In a large bowl, combine cooked quinoa, cheddar, cottage cheese, carrot, eggs, flour, onion powder, garlic powder, mustard powder, salt and pepper. In an electric frying pan on medium heat, spray oil generously and drop 1/4 cup of mixture for each pattie onto the pan. Press down with a spatula to form a patty. Cook about 4-5 minutes on each side, until golden brown. Serve with garlic mayo sauce (1/3 cup light mayonnaise, 1/4 tsp garlic powder, 1/4 tsp smoked paprika).
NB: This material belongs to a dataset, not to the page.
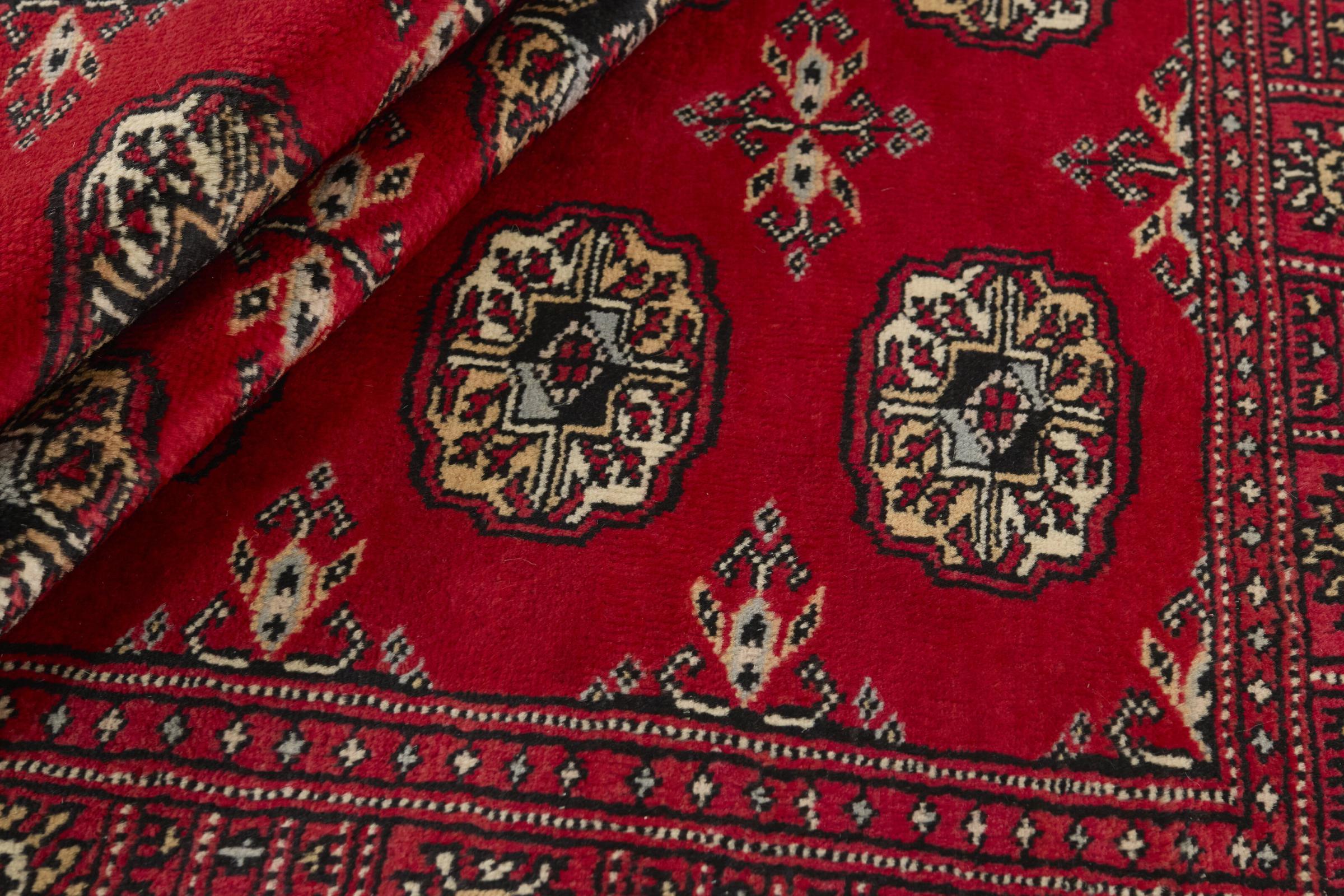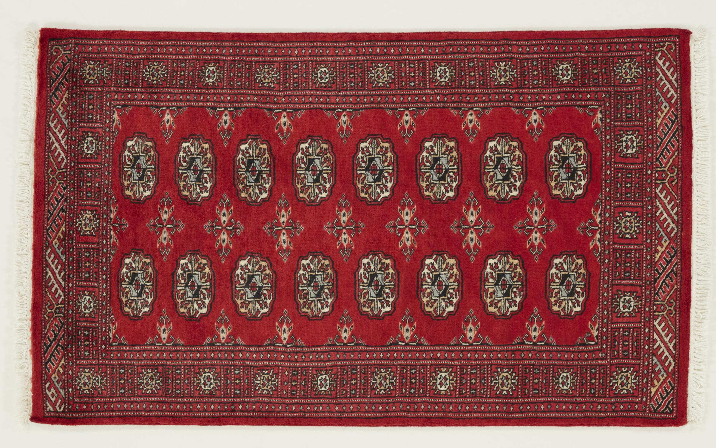 Une grande partie de la production pakistanaise de tapis a lieu dans et autour des villes de Lahore et de Karachi. De nombreux noueurs de tapis de cette époque ont fui au Pakistan pendant la guerre avec l'Inde et s'y sont installés. Aujourd'hui, on connaît surtout les tapis noués à la main du Pakistan Bukhara. Tout comme les tapis orientaux afghans, les tapis pakistanais sont également de couleur sombre et ont pour la plupart des tons rouges. On retrouve également le motif bien connu de la patte d'éléphant (motif octogonal répétitif) sur un Pakistanais.

Wednesday, January 4, 2012
Vegetable Chili
I don't know about you but after all the delicious and fattening food I had over the holidays, I've been craving veggies in a big way. This chili, being packed full of vegetables, really hit the spot. Tony and the boys loved it too. It was easy to tell, because all three of them polished off their plates and had more! I said to Tony that I better write it down before I forget how I made it. Then he tells me, "Well I wouldn't go that far." Gee, thanks! Anyway, I did write it down because I think it's blog-worthy, if simply to document a meal that my whole family ate.
Vegetable Chili
2 tsp olive oil
1 onion, diced
2 cloves garlic, crushed
2 celery stalks, sliced
1 small head of broccoli crowns, cut up
1 can (19oz) kidney beans, drained and rinsed
1 cup frozen corn
1 can (28 oz) crushed tomatoes
1/2 cup water
2 tsp chili powder
1 tsp cumin
1 tsp balsamic vinegar
salt and pepper, to taste
In a large non-stick skillet, heat oil over medium heat. Add onion, garlic and celery and cook until tender, about 5 minutes. Add remaining ingredients and simmer covered for about 20 minutes. Serve over rice.